His wife, Marion (Dusser de Barenne) Kilson, said the cause was congestive heart failure.

A son of a Methodist minister, Kilson was a prolific writer, an expert on ethnic politics in Africa and the United States, and a mentor to generations of students, among them writer, teacher and philosopher Cornel West.

He also found vigorous public debate irresistible during his nearly 40 years as a professor of government at Harvard.

“Lord, oh, Lord, Brother Kilson loved combat,” West said in a telephone interview.

Henry Louis Gates Jr., the Harvard professor, writer and filmmaker, wrote of Kilson in an email, “He prided himself on the role of the gadfly, challenging hierarchies, speaking truth to power and arguing against the grain, all in the name of the pursuit of veritas.”

Kilson, an avowed integrationist, was already teaching courses in African politics in the 1960s when black students were starting to assert themselves on predominantly white campuses like Harvard.

“Naturally, the Negro wants to lay down the conditions and call the shots, something done for him by the white liberal in an earlier day,” Kilson told The Harvard Crimson in 1964. “His friendship is not spurned but merely held in abeyance, giving us both time to think over what is going on inside and outside of us.”

Kilson was a faculty sponsor of the Harvard-Radcliffe Association of African and Afro-American Students. But after the university’s Afro-American studies department was established in 1969, he became disenchanted with its governance, criticizing it as lacking academic rigor and maintaining that it had become an enclave for radical black students.

“Black solidarity forces are distinctly anti-intellectual and anti-achievement in orientation,” he wrote in a provocative essay about Harvard in The New York Times Magazine in 1973. “They indulge in the ‘black magic’ of nationalism, believing that miracles are possible if Negroes display fidelity to black nationalism or separatism and its anti-white attitudes, rituals and symbols.”

Kilson argued that the radical politics of separatists was an academic dead end.

“It took extraordinary courage in 1969 to challenge Black Panther and black power rhetoric,” the Rev. Eugene Rivers III, a former student of Kilson’s, said in a telephone interview. “And he was right.”

But critics of the professor — including Ewart Guinier, the founding chairman of the Afro-American studies department — disagreed with both his methodologies and his conclusions.

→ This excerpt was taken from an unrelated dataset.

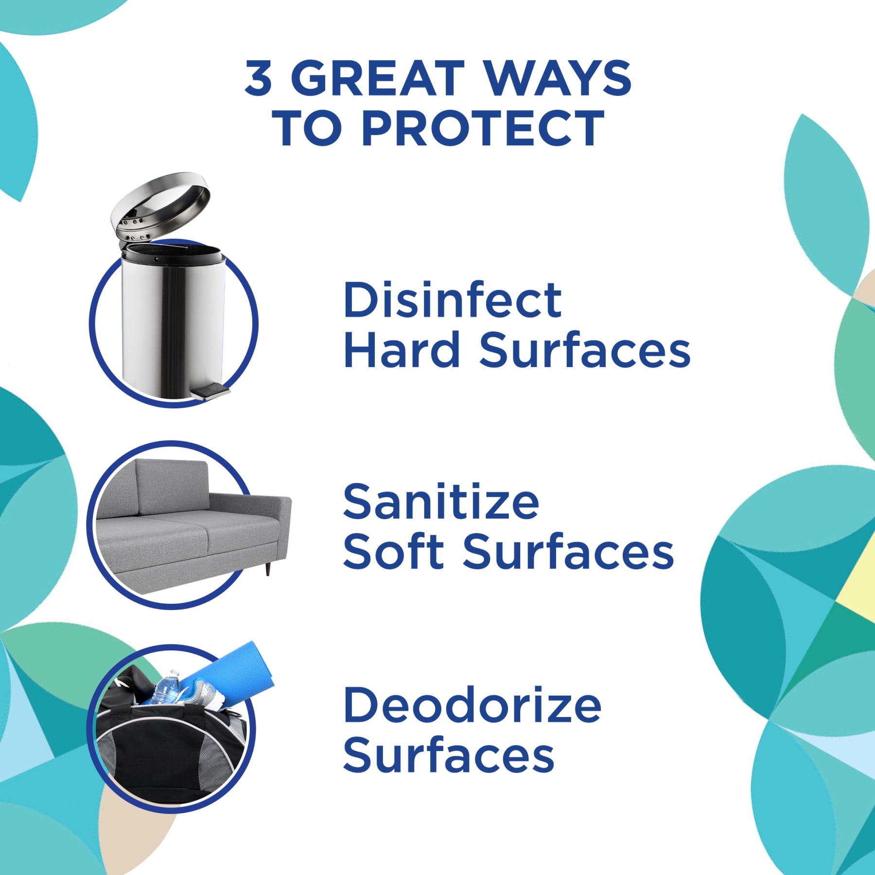 Kills 99.9% of viruses and bacteria**​(**when used as directed)​. Disinfects hard non-porous surface and soft surfaces​.

During a debate broadcast by a New York City television station in late 1973, Guinier was scornful of Kilson, saying he “shouts loudly about rigorous thought, standards and superior white universities, all the while encouraging people to think of him as a major scholar.”

Kilson responded, “I am certainly not as much of an ideologue as Ewart Guinier.”

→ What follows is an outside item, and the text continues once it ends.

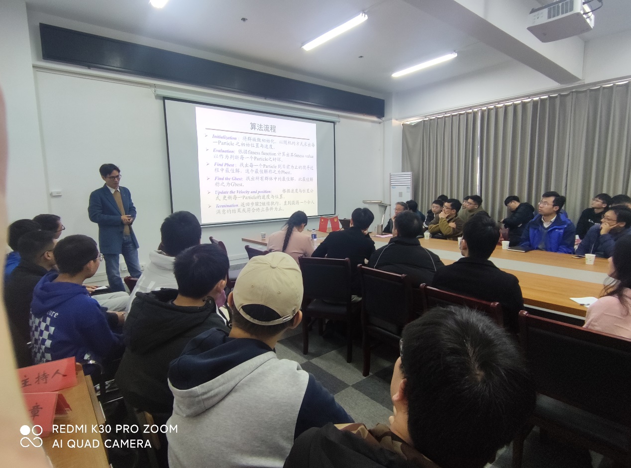 牛奔教授的报告分成四个部分:人工智能、群体智能、计算模型和成果转化。报告回顾了人工智能的发展历程,从复杂适应系统的角度对群体智能优化机理进行了阐述,介绍了几类典型群体智能优化算法(重点为粒子群算法(PSO)和细菌觅食算法)的基本原理、操作算子、基本流程和算法框架,提出了群体智能优化方法的提升方向及应用领域。报告内容深入浅出,对群体智能算法的基础和应用研究具有很大指导和借鉴作用。会议室座无虚席,与会人员踊跃提问请教,气氛相当热烈,会后,牛奔教授和相关专业教师就群体智能算法的细节问题进行了深入探讨,极大地开阔了教师和员工的视野,老师和员工受益匪浅。

Decades later, in “A Companion to African American Studies” (2016), edited by Lewis Gordon and Jane Ann Gordon, Kilson wrote that Harvard’s Afro-American studies department did not flower until the 1990s, when Gates became its chairman.

He described Gates as a “top-rank academic-entrepreneurial black scholar.”

Martin Luther Kilson Jr. was born Feb. 14, 1931, in East Rutherford, New Jersey, and grew up in Ambler, Pennsylvania, a factory town north of Philadelphia. His mother, Louisa (Laws) Kilson, was a homemaker. Martin Sr. was not the only minister in the family; there were preachers on both sides, including young Martin’s great-great-grandfather, Isaac Lee, a freed black who founded an African Methodist Episcopal church in Maryland in 1848.

Kilson encountered Du Bois, the pioneering urban sociologist who was a founder of the NAACP, as a freshman at Lincoln University, a historically black college in Oxford, Pennsylvania. Du Bois had come to the campus to encourage its students to become part of the educated, community-based black leadership he called “The Talented Tenth,” calling on them to help improve the lives of needy black people.

Du Bois remained an influence throughout Kilson’s career. In his book “Transformation of the African American Intelligentsia, 1880-2012” (2014), he wrote that it is “a moral imperative for today’s variant of Du Bois’ ‘Talented Tenth’ to mobilize its new socioeconomic and political resources to help ameliorate some of the social crises that now plague about 40 percent of African American families.”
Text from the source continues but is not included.